Cosa conta allora per questi inquisitori? Cosa conta per dare in fretta e furia l’ostracismo ad un intero popolo? Niente conta nel regno dei morti.
In questo regno di fantasmi contano le ombre, i sospetti, regna il maligno.
Per quanto ci riguarda non commetteremo l’errore che certa sinistra fece davanti alla rivolta di Reggio Calabria del 1970, quando una ribellione di massa, su istigazione di un PCI ormai smarrito, lasciò in pasto ai “Boia chi molla”, e finì per spalleggiare l’intervento dell’esercito e lo stato d’assedio. Di che stupirsi se lo sfarinato tessuto sociale siciliano mette in moto spinte di vario segno? Di che meravigliarsi se la piena porta alla luce anche il marcio del paesaggio che devasta? Un albero si riconosce certo dai suoi frutti, ma i frutti hanno bisogno di tempo per maturare. Chi spruzza pesticida sulla pianta non si lamenti se poi dovrà ingoiare domani i frutti velenosi di una mobilitazione reazionaria.

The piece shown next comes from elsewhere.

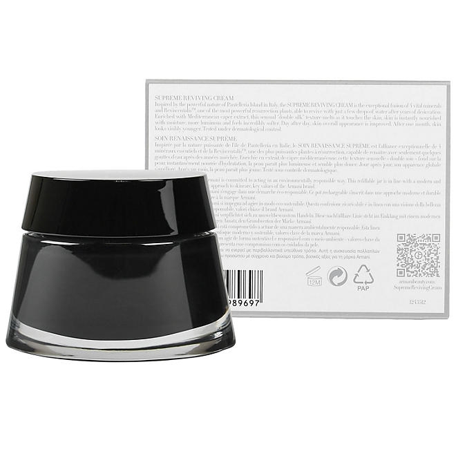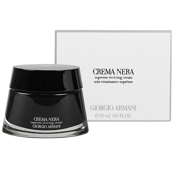The Giorgio Armani Crema Nera Supreme Reviving Cream provides complete anti-aging results. It works to increase skin’s firmness, combat wrinkles, refine skin texture, reduce the appearance of pores, and illuminate the skin.

Non commetteremo l’errore della sinistra risorgimentale, che dopo aver tradito le aspettative rivoluzionarie dei siciliani e massacrato i contadini di Bronte, dopo aver venduto l’Italia alla monarchia sabauda, in ossequio al progressismo borghese, condannò la resistenza armata contadina del Sud come brigantaggio sanfedista, giustificando il massacro di decine di migliaia di innocenti.
Il popolo ha una memoria di elefante. Noi pure.